Федор. Нет, ничего. А только, папа, голубчик, не огорчайтесь: мне уезжать пора…
Иван Сергеевич.Уезжать? Как же, Федя, так скоро? Не ложилось тебе у нас, что ли?
Федор.Нет; папа, вы знаете, что мне у вас всегда отлично живется, а только надо еще за границу до осени. Я ведь вам говорил, помните?
Иван Сергеевич.Да, говорил… Ну что ж… за границу…(После молчания).Федя, в чем дело? Федя, родной, мальчик мой, в чем дело, в чем дело?

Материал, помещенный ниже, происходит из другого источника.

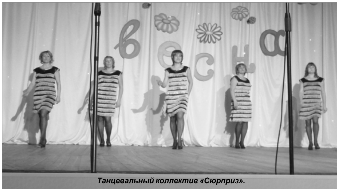
Танцевальный коллектив «Сюрприз».

8 Марта - праздник любви и восхищения женщинами, самыми прекрасными созданиями на земле. Изначально праздник имел чисто политическую окраску и был днем борьбы женщин за равенство в обществе. Но время стерло с него всю политическую подоплеку, оставив в нашем календаре этот день именно тем, чем мы сегодня его и представляем - весенним праздником женственности, которую так ярко продемонстрировали участницы районного конкурса «Женщина-весна».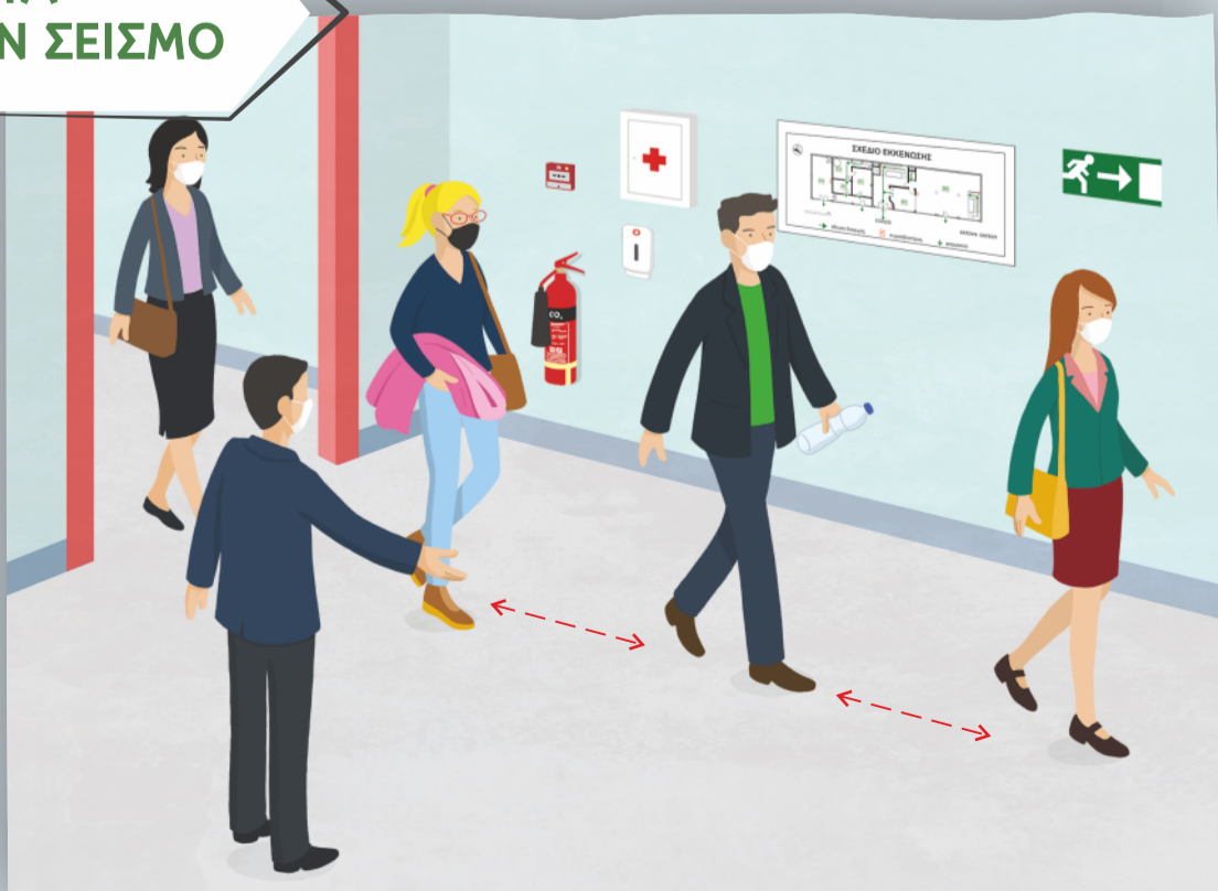
Εκκένωση κτιρίου με ψυχραιμία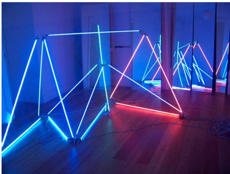
«Meteoro Néon para Vénus» (2001), instalação em néon com dimensões de 260 x 180 x 120 cm.

Essas conexões, porém, mais do que construir um «intencional hibridismo de linguagens» ou uma «contaminação signíca» (Sousa & Ribeiro, Antologia da Poesia Experimental Portuguesa , 2004, p. 353), chamam a atenção na obra de Silvestre Pestana porque, enquanto facultam a experiência do meio, cada um dos elementos está no outro e no outro cria o seu próprio espaço, sem, no entanto, fundir-se para resultar em hibridações. Por isso, trata-se de uma poética sociológica em sua destreza rizomática, pois os elementos não se fundem para formar um terceiro, mas são em si o percurso que há também nos outros. Uma obra de estrutura rizomática que, longe de ser fundamentalmente inflexível, define territórios estáveis dentro dos rizomas.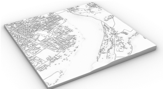
Slika 3. Rezultati dobijeni primenom trećeg pristupa modelovanja

Kako su ove linije generisane u ravni, prvi korak za dobijanje odgovarajuće geometrije bio je projiciranje linija na površ terena. U slučaju izrade zgrada projiciranje je izvršeno na njihovu najnižu tačku terena ispod, nakon čega su opcijom extrude dobijani solidi. U slučaju puteva, projiciranim linijama najpre je dodata debljina, nakon čega je ovakva geometrija oduzeta od geometrije terena.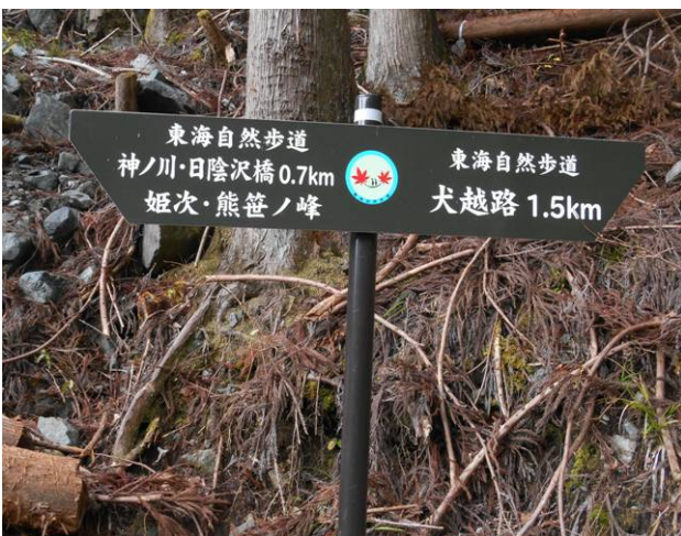
神ノ川ヒュッテから 犬越路へ 東海自然歩道の一部 手前の表示先が多数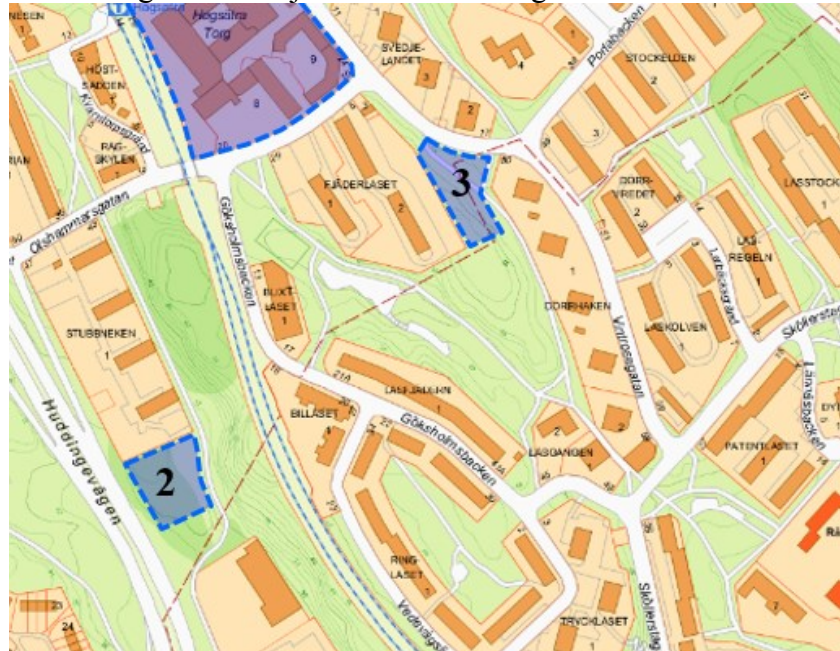
Figur 1: Markanvisat område markerad med en trea. Källa: markanvisningsärende till exploateringsnämnden 2018-08-23, dnr: E2017-03951.

Exploateringsnämnden anvisade 2018-08-23 mark för förskola inom fastigheten Älvsjö 1:1 till Skolfastigheter i Stockholm AB.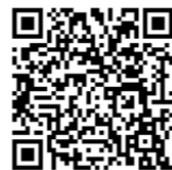
汽车与工程 机械学院 微信公众号

2、汽车与工程机械学院： 2023级新同学，欢迎关注微信公众号 @ 广交汽机学院，了解汽机学院丰富有趣的学生活动，并在公众号后台留言你们心中憧憬的大学生活是什么？现邀请你参加2023级“萌新自我介绍”活动，发送照片+200字以内文字自我介绍，或者一段3分钟内的自我介绍视频，我们将会在学院微信公众号上分享部分投稿作品并赠送有纪念价值的小礼品，想让老师和同学们提前认识你的小萌新请将素材8月30日于前发到指定邮箱 302786032@qq.com，期待与你们的初次见面。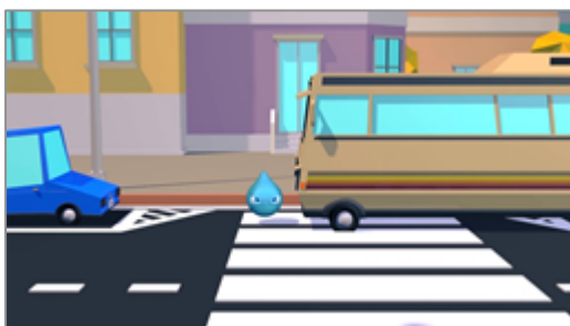
A piedi: visibilità limitata da un veicolo in sosta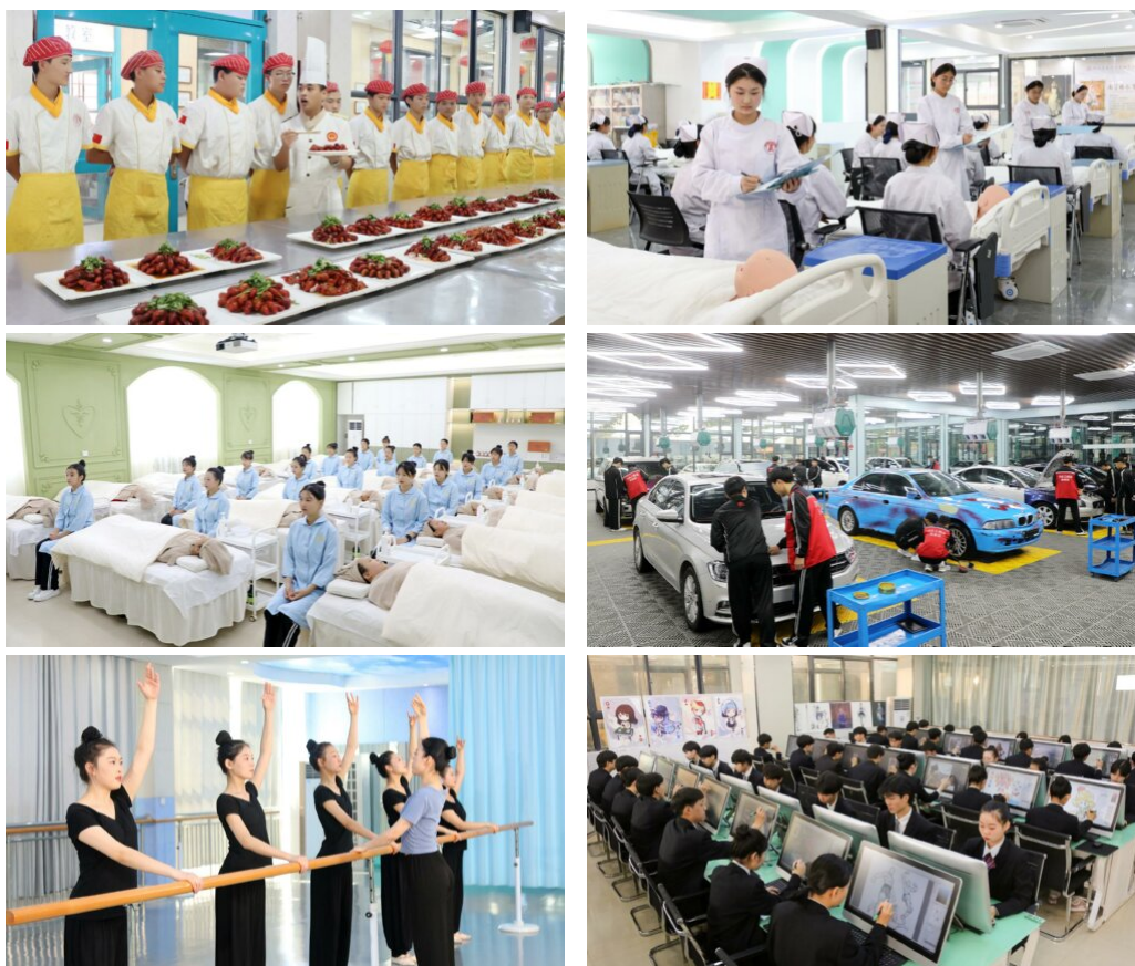
图 7：专业学生上课照片（部分）

的专业建设委员会，进行了广泛而深入的调研，并根据调研结合学校实际情况，融入“1+X”证书标准，按照“底层基础、中层模块、高层方向”原则调整和优化美容美发与形象设计专业群、计算机应用专业群、烹饪专业群、汽车运用工程专业群、艺术教育专业群等品牌专业课程体系。主动适应产业经济升级的根本要求，注重学生实训实践能力培养。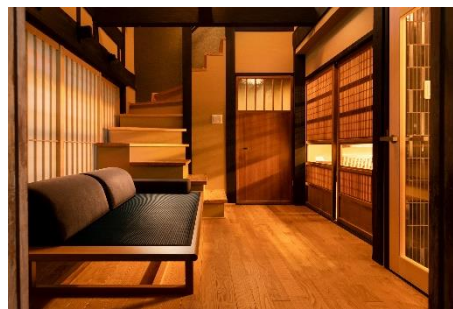
床暖房を配するなど、快適性にもこだわる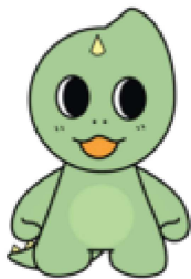
chalk smako キャラクター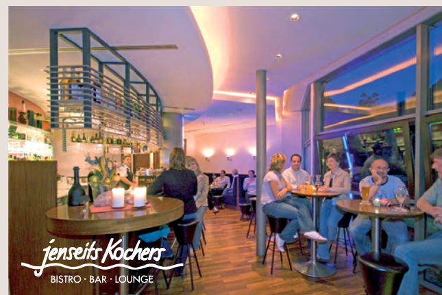
Die Bistro-Küche ist täglich ab 17 Uhr bis 23 Uhr geöffnet.

Zum Ausklang des Tages empfehlen wir einen Abstecher in unsere Bistro Bar „jenseits Kochers“. Der zwanglos-gesellige Treffpunkt lockt täglich von 17 Uhr bis 1 Uhr mit raffinierten Cocktails, Wein und Whiskey, Fassbier, frischen Säften und diversen Kaffee-Spezialitäten. Auf der umfangreichen Bistrokarte finden sich köstliche Suppen, pikante Snacks, Sandwiches, preiswerte Tellergerichte u.v.m.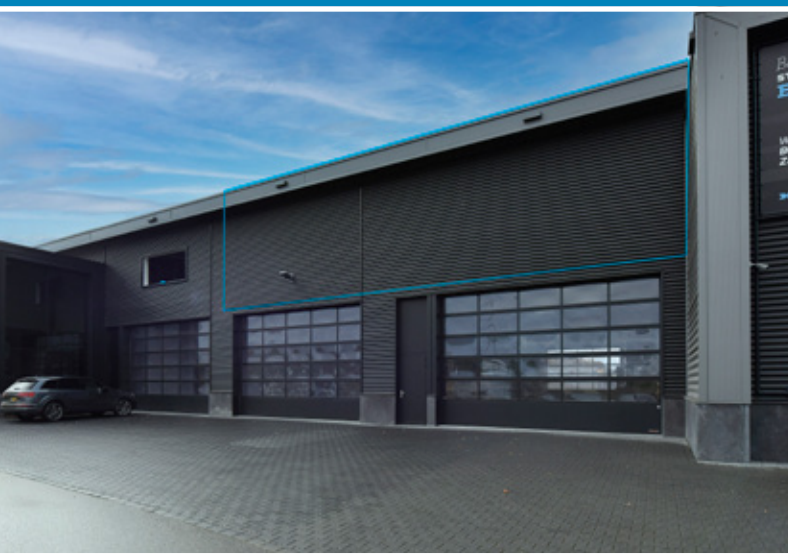
Voorgevel (raamvoorzieningen in overleg)

Multifunctionele ruimte beschikbaar met een bruto vloeroppervlakte van circa 490 m 2 . Het vloeroppervlakte is geheel gelegen op een eerste verdieping en is o.a. geschikt voor opslag of showroomactiviteiten.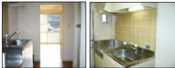
陽当り良好、明るい室内です。(110号室角部屋写真)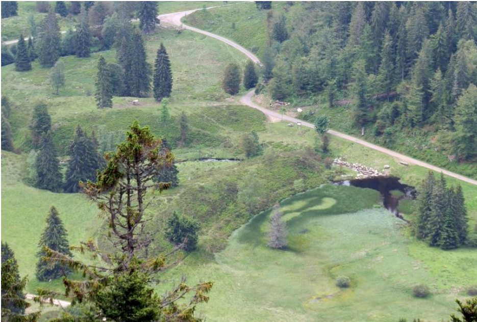
Endmoränenwälle bei der Menzenschwander Kluse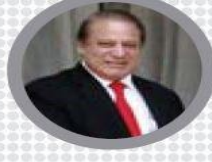
Pakistan Başbakanı Navaz Şerif:

"Türkiye halkı, demokrasinin ve hükümetin yanında yer alarak vatanına sahip çıktı. Darbeciler büyük hayal kırıklığı yaşadı. Halk, liderlerine sahip çıktığı zaman mucizeler meydana getirerek ülkenin istikrarını ve güvenliğini sağlayabiliyor. Allah'ım ümmetimizi, vatanımızı ve yurdumuzu koru."

Ведь я же измучился… Скажи ради Бога, – право, легче будет… Уж не с Таней ли у вас что-нибудь?(Федор молчит).Знаешь, Федя, я с тобой давно хотел о Тане… о Татьяне Алексеевне…
Федор.Папа, не надо, мы и так говорим слишком много: не стучась, в двери ломимся.
Иван Сергеевич.Нет, голубчик, не бойся, – я к тебе ломиться не буду. Я не о том, что ты думаешь: я о себе самом. Я ведь что говорю, Федя, пойми; когда дети взрослые, второй брак отца вина не вина, а хуже вины. Вместо матери мачеха – это ведь, пожалуй, хуже, когда взрослые. Тут боль, тут кровь, тут темное, страшное – об этом говорить нельзя…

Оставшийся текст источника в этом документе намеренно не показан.